Roger Waters, Live Arrangement, David Gilmour, Annoying Drummers

Too healthy to sit around, but still just a BIT too sick to booze it up, I instead spent the night watching Roger Waters' "In the Flesh" 2000 tour DVD. I love to see brilliant musicians interpret equally-brilliant songs. But this DVD sort of bugs me.

The bulk of it consists of old -- and often surprising -- Pink Floyd songs. The band tries to reproduce them as faithfully as possible -- their version of "Dogs" is absolutely shocking in its adherence to the studio version -- but Waters has never been a particularly competent live arranger, and this is VERY obvious on the DVD.

In a sense it's a study of "live versus studio." The basic problem is -- of course -- that you've got different musicians on stage than you did in the studio, and even though they have individual styles that are deeply ingrained, they're still forced to play close enough to the record in order to please the fans. Graham Broad (drummer) is most guilty of "embellishing," followed closely by guitarist voodoo-dude Doyle Bramhall II, who looks just as pretentious as his name.

The problem gets worse when Roger Waters' sings Gilmour's parts. His voice sounds surprisingly good considering, but he seems hellbent on avoiding Gilmour's cadence, removing the "human" element which made many of these songs so special. Instead of warm vocals we get Waters' intellectual, somewhat sardonic delivery, which ultimately sounds like two hours of "Welcome to the Machine."

Things REALLY break down when we come to backup singers Katie Kissoon, Susannah Melvoin, and P. P. Arnold. They're perfectly competent and they're great at what they do, but when they're shoehorned into songs they don't belong in ("Wish You Were Here") they end up doing the exact same stilted, soulless vocals that Roger Waters is doing. To make things worse they act out the lyrics using "Standard Drag Style," that is, little three-step choreographed pantomimes which convey the simplest of ideas...while singing a lyric about a telephone call, they actually hold their fingers to their ears in that time-worn "talking on the phone" charade. Sad.

But that's only when they're doing the Pink Floyd stuff. When they do the music of Roger Waters they all come into their own, and suddenly the concert is PERFECT. They CARE. But for all that they are doing a live-or-Memorex duplication of the studio songs, which appears to be the only sort of arrangement Waters is GOOD at.
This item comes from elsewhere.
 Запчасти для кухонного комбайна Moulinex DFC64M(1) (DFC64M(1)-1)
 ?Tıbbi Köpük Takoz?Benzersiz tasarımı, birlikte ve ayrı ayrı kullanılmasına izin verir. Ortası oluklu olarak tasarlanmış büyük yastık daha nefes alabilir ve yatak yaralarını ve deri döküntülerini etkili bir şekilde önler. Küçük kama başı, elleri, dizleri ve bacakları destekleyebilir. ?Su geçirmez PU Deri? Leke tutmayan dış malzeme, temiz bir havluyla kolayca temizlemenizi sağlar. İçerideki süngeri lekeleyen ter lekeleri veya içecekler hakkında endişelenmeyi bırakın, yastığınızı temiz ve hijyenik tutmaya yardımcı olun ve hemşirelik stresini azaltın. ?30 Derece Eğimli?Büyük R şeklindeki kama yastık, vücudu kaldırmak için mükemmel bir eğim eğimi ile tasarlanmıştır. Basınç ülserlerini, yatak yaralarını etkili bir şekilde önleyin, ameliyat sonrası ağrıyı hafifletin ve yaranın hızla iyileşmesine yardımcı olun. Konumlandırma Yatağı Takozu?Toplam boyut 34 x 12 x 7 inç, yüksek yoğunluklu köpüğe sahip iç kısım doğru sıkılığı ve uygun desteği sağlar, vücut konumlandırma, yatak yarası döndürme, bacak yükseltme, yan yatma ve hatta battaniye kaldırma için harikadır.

Here's the title song from "Amused To Death," which demonstrates all that is good and beautiful about the solo-album portion of the concert. It's awfully long but is 100% faithful to the album, right down to the heartbreaking samples at the end.

The main reason I mentioned David Gilmour in this post is because, for all his weaknesses, he is AMAZING at live arrangements. The "Delicate Sound of Thunder" film shows his skills in their finest glory...but the only clips available on YouTube look like they were compressed with a "sludgy mud" effect, so I won't post them.
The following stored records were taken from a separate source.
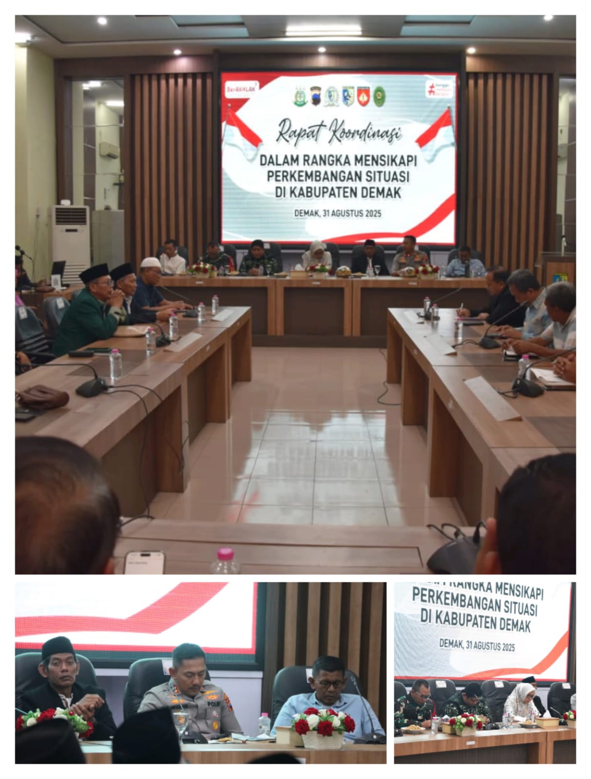 Forum Komunikasi Pimpinan Daerah (Forkopimda) Kabupaten Demak menggelar rapat koordinasi (Rakor) bersama tokoh masyarakat, tokoh agama, dan organisasi kemasyarakatan di Gedung Bina Praja, Minggu (31/8/2025) malam.
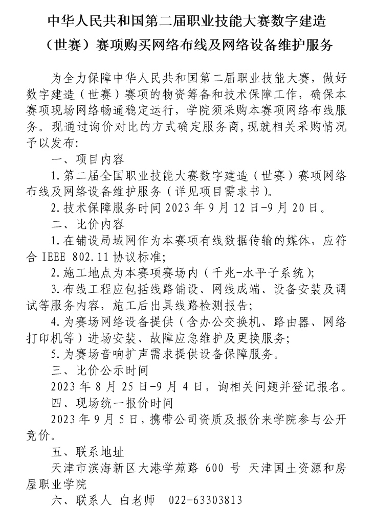 中华人民共和国第二届职业技能大赛数字建造(世赛)赛项购买网络布线及网络设备维护服务
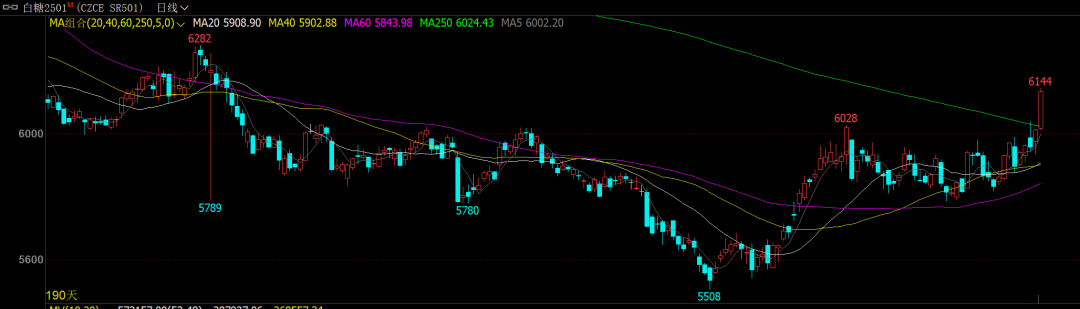 白糖期货周五增仓大涨,触及逾7个月高位。主力合约上涨2.8%,报收6135元/吨;5月合约上涨2.1%,报收6083元/吨。目前主力合约距今年8月新低5508元/吨上涨达115.5%,白糖市场发生了什么?

Looking through the archives, however, I discovered this live 1987 performance of "Comfortably Numb" which gives a pretty good impression of his approach. Sure it's a cheesy song, but it's also a difficult one to reproduce live...this clip shows the technique he would use on the subsequent tour: slowing it down, changing the key, enlisting a clear-singing backup vocalist (Sam Brown in this case), and not trying to do anything appallingly TRICKY.

This particular version even manages to sound slightly new wave, somehow.
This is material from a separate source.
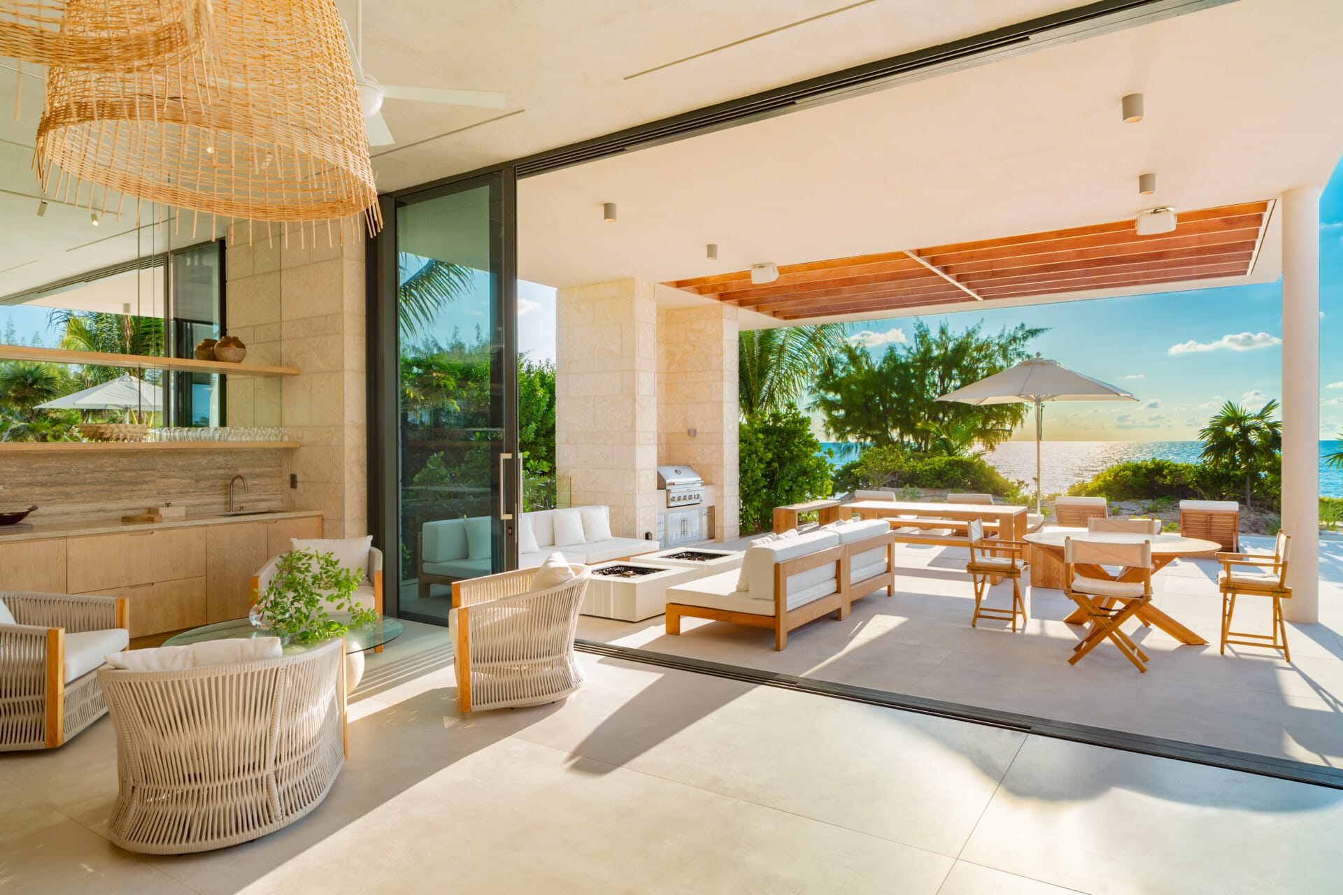 Dune House sits lightly on one of the most peaceful stretches of Long Bay Beach, offering a sense of calm that is felt the moment you arrive. Designed with refined Belgian and Scandinavian influences, the home balances clean architectural lines with natural textures, creating an atmosphere that is both elegant and effortlessly relaxed. High ceilings and expansive glass draw the outdoors in, framing views of lush tropical planting and the ever changing shades of clear aqua water beyond .
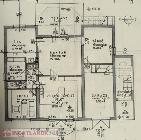 Az irodáknak kialakítható lakótérben 4 szoba+ amerikai konyhás nappali+ kamra+ fürdőszoba, w.c található. Elrendezése praktikus, tágas helyiségek, szobái külön nyílóak. Fűtése gázcirkó, padló és radiátor hőleadókkal. A villany és vízhálózat a mai elvárásoknak megfelelő, 3 fázis bevezetve. Az alsó szint átalakítás nélkül is kiválóan alkalmas kereskedelmi célokra, amely hátsó kijárással is rendelkezik a raktárépület felé. Önálló közmű órákkal rendelkeznek.

Incidentally, keeping with the theme of live adaptations, I love one of the comments posted to this video:
ladies and gentleman , simon phillips on drums, what a fuckin jerk, smashed the whole end of the song, double bass here, double there, accent here, accent every second, jerk this is not how floyd sounds... maybe toto, disgusting...
It's true, Phillips needs an elbow to the ribs during the ending portion, but to his credit he doesn't manage to COMPLETELY ruin it.